Fortunately I'm out of it; I opposed Hillary from the beginning, and Obama lost my vote with his FISA/amnesty flip-flop. Obama, Hillary, and Bill are all cut from the same cloth as far as I'm concerned.
None of them will provide the honest, resolute leadership that this country desperately needs. And so America continues its slide into the abyss.
Joan, you need to get over this Hillary thing. Inventing strawmen doesn't exactly enhance your credibility ("menopausal cranky freaks"? Do you really expect anyone to believe that sort of talk represents anything but the most marginal fringe element, if it wasn’t actually a deliberate plant by some dead-ender Hillary supporter trying justify that cynical sexism claim?). Arch references to the "N" word are simply precious, and I don't mean that in a good way. And deliberately missing the point - like it or not, the Clintons did use some covert racial language, even though they're not racists themselves and nobody said they were – well, that just makes you seem willfully obtuse.
If anyone really cares whether or not Bill Clinton gets to speak at the Democratic convention, they seriously need to get a life. Bill's a big boy. He gets millions from big corporations and his ultra-rich buddies to speak at functions every year, while we in the middle and lower classes are getting more desperate every year. Bill’s feelings are hurt, yes; but Joan, he's not your son or your father. You don't need to protect him. You’re a pundit, not Bill Clinton’s nanny.
It's really long past time for America - including the American media, and that means you, Joan! - to drop these phony "issues" and start addressing issues that matter. Issues such as catastrophic climate change, the conversion of the American economy and transportation network to a post-oil world, and how we're going to deal with the increasingly nationalistic and dangerous Chinese government in the coming century.
Come on, Joan. Cut the crap.
I knew you were being coy! Plus Hillary came in second. Your anger had nothing to do with her role at the convention. She'd have had it even if she hadn't run in the first place.
Salon's editor doubles as a gossip columnist.
Save that of my immediate family and friends
Who are all various human beings of color
I think if you engaged with them in a chat over politics
And current affairs
And the central topic came 'round to Bill Clinton
Not one disparaging would would they with malice utter.
The primary was neck and neck, in case you didn't notice. Obama only got ahead by about 100 pledged delegates because of caucuses which are NOT democratic. Neither candidate had enough pledged delegates to win.
So let's stick to facts, Tangy, @ Thursday, August 7, 2008 09:18 PM.
Ah Dalivus, the old AKA coy ploy.
Yes, I know it well.
So remind me again just how much the Clintons have actually accomplished for black people—be specific. Not counting feel–good speeches or visits to conventions.
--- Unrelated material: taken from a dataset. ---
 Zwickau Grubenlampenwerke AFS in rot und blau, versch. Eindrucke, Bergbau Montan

And for native Americans, again not counting visits. Actually accomplishments. Ground rule: just allowing the Civil Rights Act to work as designed doesn't count, though it feels like it should when one looks at the present administration, which actively throws up blocks whenever and wherever they can. What did the Clintons actualize that was new?
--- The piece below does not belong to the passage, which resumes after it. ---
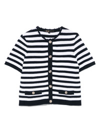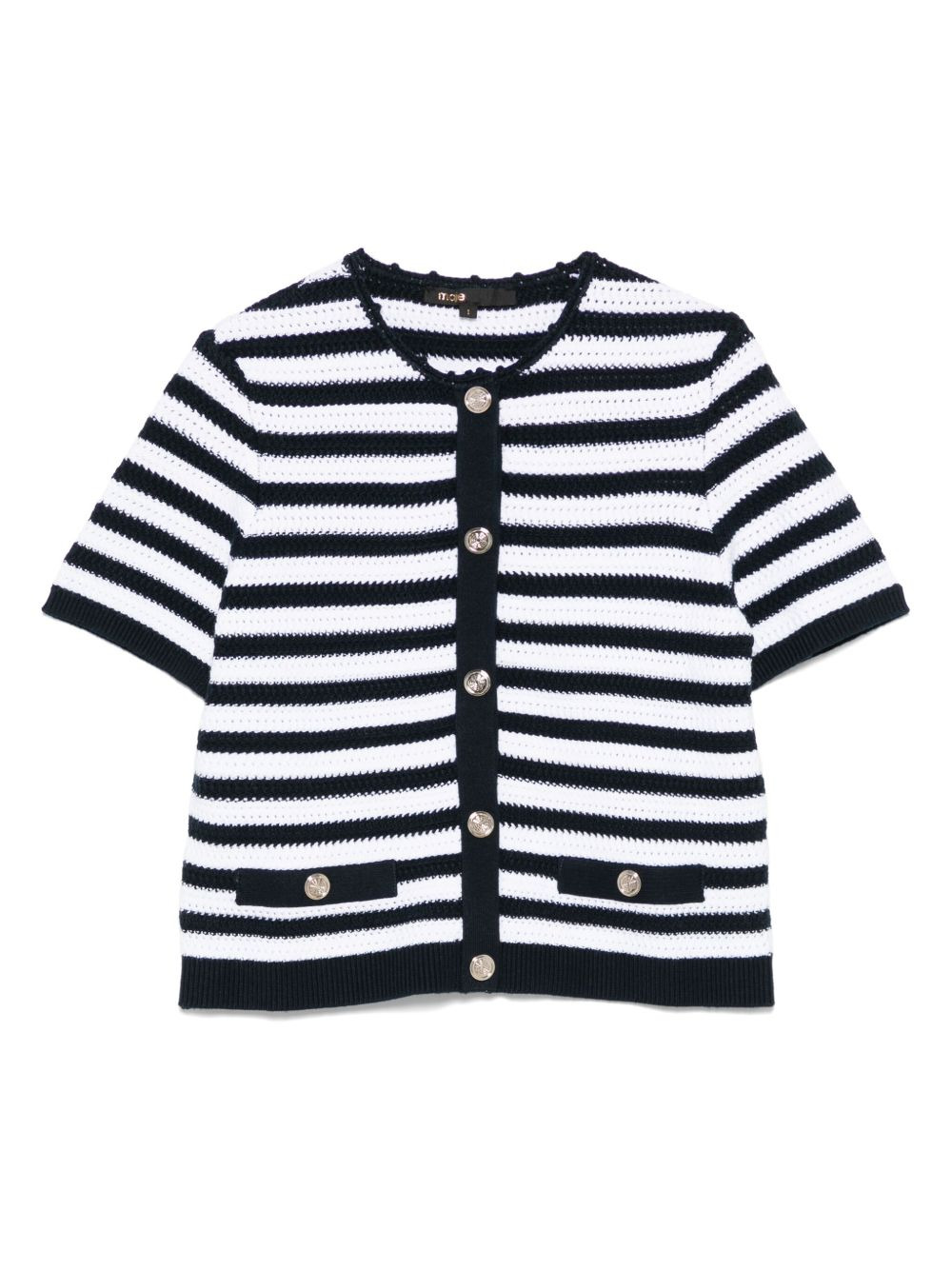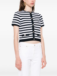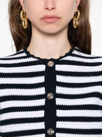 cropped crochet cardigan Highlights - White - Vertical stripe embroidery - Front button fastening - Short sleeves Imported Composition Viscose 70%, Polyester 30% SIZE & FIT Model measurements Height 5 ft 10 in(1.79 m) Bust/Chest 35.43 in(90 cm) Hips 35.03 in(89 cm) Waist 25.19 in(64 cm) FittingInformation Designed for a slim fit that sits just away from the body offering a close yet comfortable fit Made from a midweight non-stretch fabric, this piece offers minimal elasticity when worn Washing instructions Hand Wash

this was truly a depressive letter and i feel very much with you - but even if the 'political picture' looks so grimm - please don't take Salon that serious - Try to use it, like the most
of these writers here as some kind of fruitcaketherapy - watch a lot of Jon Stewart and then come back and you will find out it is actually funny absurd and totally hillarious!
I'm supporting Tina Turner to be Obama's VP.
Joan, I always enjoy your articles. As an African American woman and a Hillary supporter, I too wish the Obama camp hadn't brought race into the campaign. I think his surrogates felt they needed to do it to get the assumed large black votes away from Hillary. If I thought the Clintons were racists, I obviously as a African American would not have supported Hillary. Bill and Hillary have a long history of championing the causes of civil rights. To unfairly label them racist is despicable. I'm glad that Bill Clinton will get to speak at the Convention. Hopefully, this is another step toward healing the primary wounds and putting these racist allegations of Bill Clinton behind us.